Surrealism Exhibition: Salvador Dali & Rene Magritte

A highlight of the new show is René Magritte's "Black Magic," from 1945. (Royal Museums of Fine Arts of Belgium) Cover picture: Detail of Salvador Dali's, "The First Days of Spring," 1929 (Collection of The Dali Museum, St. Petersburg FL).

A new exhibition about Salvador Dalí and René Magritte has opened at the Royal Museums of Fine Arts of Belgium. Works from forty different museum and private collections around the world have been brought together for the show. The relationship between these two great artists of the Surrealist movement are explored through painting, drawing, sculpture, film and photography, writes Grania Connors

 Salvador Dali, "The Weaning of Furniture-Nutrition," 1934.
(Collection of The Dali Museum, St. Petersburg FL)
A NEW exhibition explores the connection between painters Salvador Dalí and René Magritte. Called 'Dali & Magritte: Two Surrealist Icons in Dialogue,' the show in Brussels features more than a hundred works by the artists, ranging across sixty years and from forty different public and private collections.
After the first world war, both artists questioned early 20th century mores and traditions. They wanted to explore the imagination, experiment with new ways of seeing and deconstruct reality. It was in the spring of 1929, that Salvador Dalí and René Magritte met in Paris, surrounded by other artists who became leaders of the avant-garde. Dalí invited Magritte to come to Cadaqués in the summer, the Spanish painter's home, where he would meet Paul Éluard, Joan Miró and Luis Buñuel.
"Beyond their meeting in 1929, the relationship between Magritte and Dali undoubtedly is one of the most fruitful of the surrealist movement," said Michel Draguet, the director of the Royal Museums of Fine Arts of Belgium and curator of the show. "After this encounter, Magritte progressively rids himself of the psychoanalytical charge that probably stemmed from his mother’s suicide, to focus on representation. Increasingly, he starts questioning objects in their everydayness, thereby meeting some of Dalí’s aspirations."

"Beyond their meeting in 1929, the relationship between Magritte and Dali undoubtedly is one of the most fruitful of the surrealist movement."

René Magritte, "Forbidden literature," 1936.
(Royal Museums of Fine Arts of Belgium, Brussels)
The paintings by Dalí and Magritte both challenge the way we look at the world and although they initially had similar aims, the Catalan and the Belgian had different personalities and ways of working.

This exhibition at the Royal Museums of Fine Arts of Belgium, shows the personal, philosophical and aesthetic links between the artists as well as their differences. The cross-pollination of ideas between Dali and Magritte is explored through a wide range of different media from paintings, drawings and sculptures to photographs and films.
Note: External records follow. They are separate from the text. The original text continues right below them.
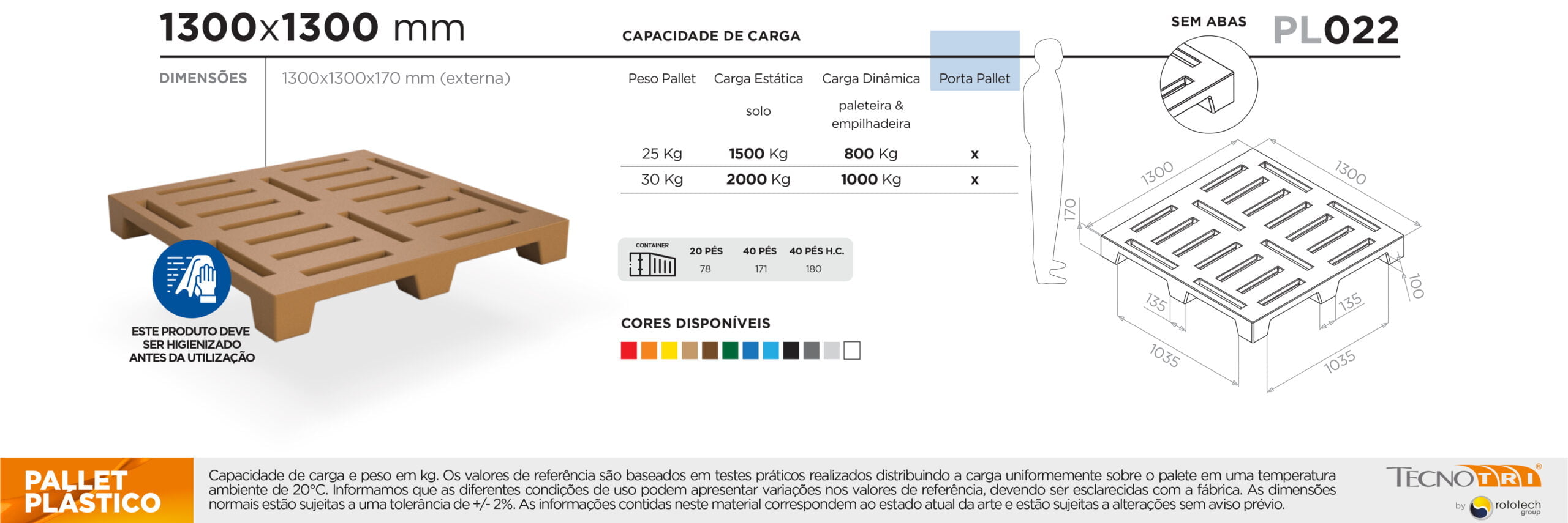 Veja na aba de informações técnicas as capacidades de carga e escolha o pallet PBR ideal para o seu negócio.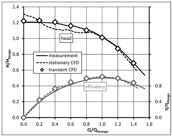 Furthermore, it turned out that the results of the average head, calculated based on transient simulations are slightly higher than compared to the stationary simulation. Thus, the complete head curves originally calculated by means of stationary CFD were shifted by the found deviations. By applying this approach, an increase in accuracy and reliability of the stationary numerical results compared to measurements is obtained as it is shown in Section 4.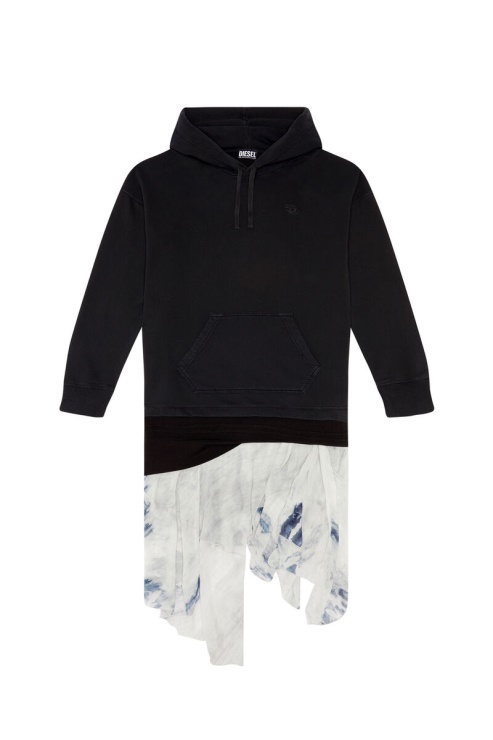Robe à Capuche En Jersey De Coton Bouclé, Avec Un Ourlet Fendu à Cordon De Serrage Bordé De Mousseline Asymétrique Avec Un Imprimé Denim Numérique. Son Profil Ample Est Rehaussé D'épaules Tombantes, Marqués D'un Logo D Ovale Brodé.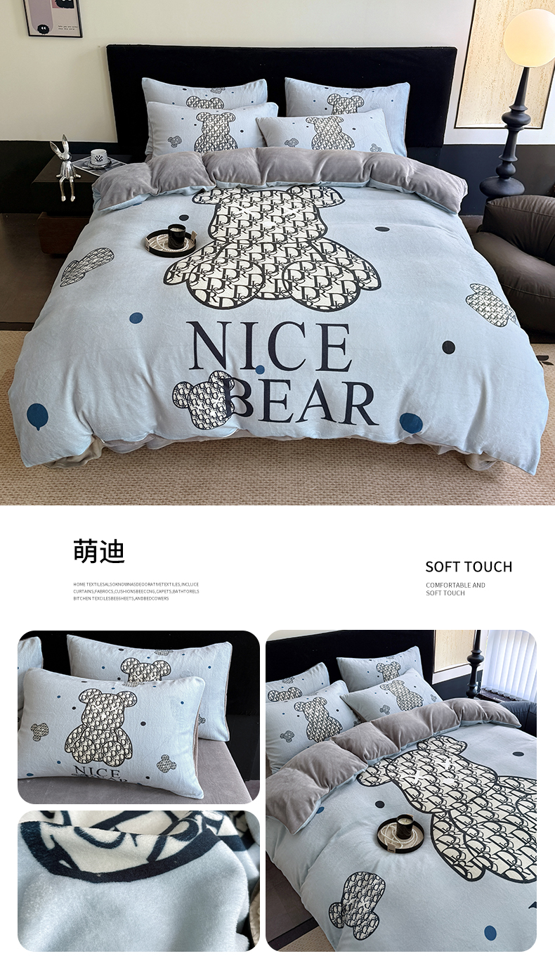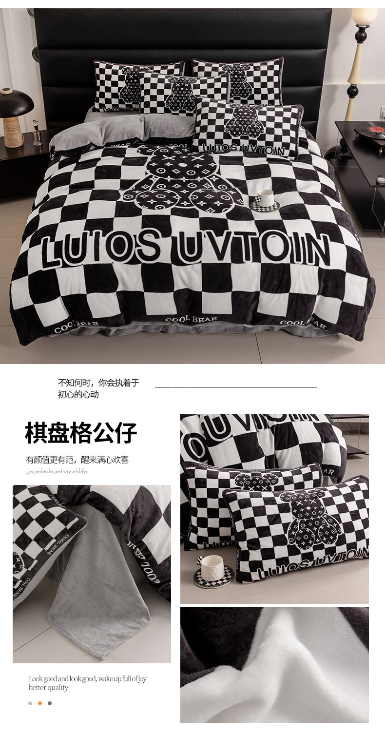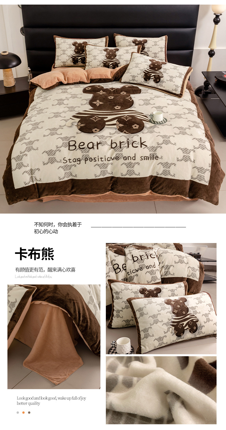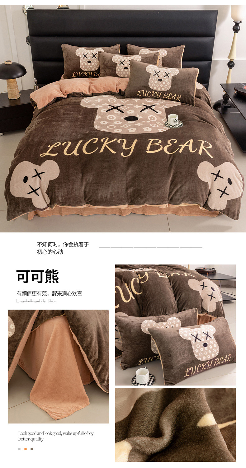 (总)摩卡(乐趣) 2025新款牛奶绒大版数码印花四件套,白香花,芬利熊,黑白V,灰迪,咔芬,卡布熊,可可熊,蓝白格,罗兰粉,萌迪,七彩熊,棋盘格公仔,山茶花,熊头白,熊仔白,熊仔咖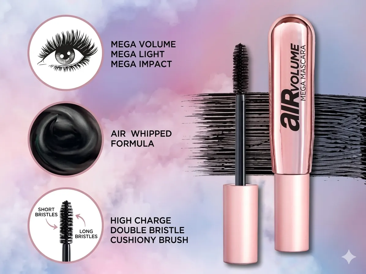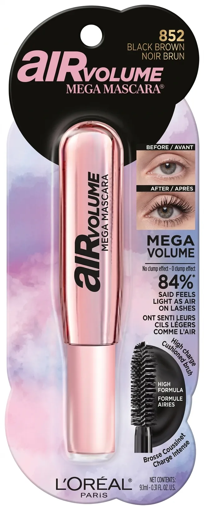 L'Oreal Paris Air Volume Mega Mascara defies the rules of traditional volumizing mascaras. Most high-volume formulas can feel heavy and stiff, but the Air Volume technology uses air-injected texture to create a multiplying effect that stays weightless. The mascara features a unique cushiony double-bristle brush: the short bristles capture and load lashes deep at the roots, while the long bristles distribute the intense black formula evenly for a fan-like finish. Its pink metallic, balloon-shaped packaging is designed to protect the airy formula, ensuring every application is as fresh and effective as the first. It is hypoallergenic and ophthalmologist-tested, making it safe for sensitive eyes and contact lens wearers.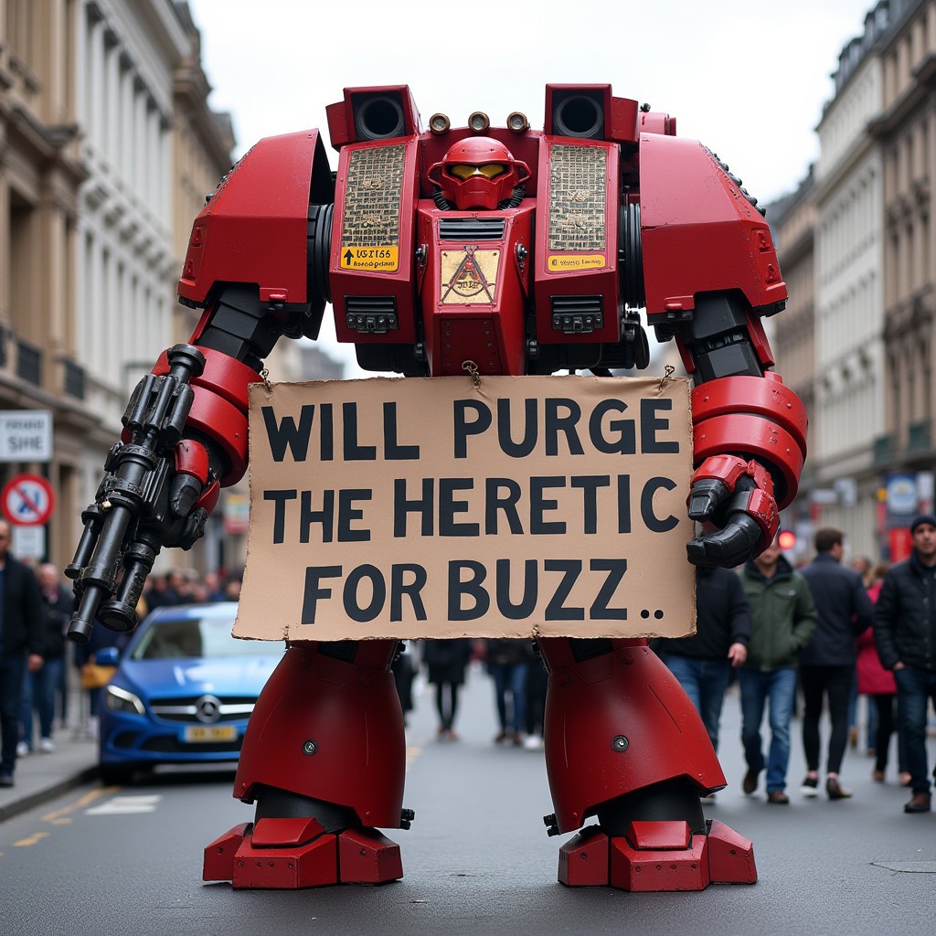 A huge red space marine dreadnought stands on a busy street holding a huge sign which reads "WILL PURGE THE HERETIC FOR BUZZ"

The works in the show are lit dramatically against grey and dark-charcoal walls and this enhances the atmospheric paintings that draw the viewer into the surrealist universe. Both artists demonstrate how important the role of surrealism was in the inter-war period, showing the subconscious dealing with the aftermath of conflict. Though their thinking had a common foundation, Dali and Magritte had different ways of painting and their works evoke contrasting emotions. Dali pursued his cohesive vision of metamorphosis with a masterly painterly style and technique. Magritte was highly-skilled but painted forms more as disembodied objects linked by a mysterious juxtaposition that challenges our sense of reality.

"Both artists firmly established their surrealism through research based on the exploration of mimetic representation," said Michel Draguet. "From the mid-twenties, Dalí 'logically' attaches himself to the budding surrealist movement. Between fantasy and the romantic fantastic, his work explore thought open to the revelations of the unconscious."

This exhibition shows the personal, philosophical and aesthetic links between the artists and their  differences through a wide range of works.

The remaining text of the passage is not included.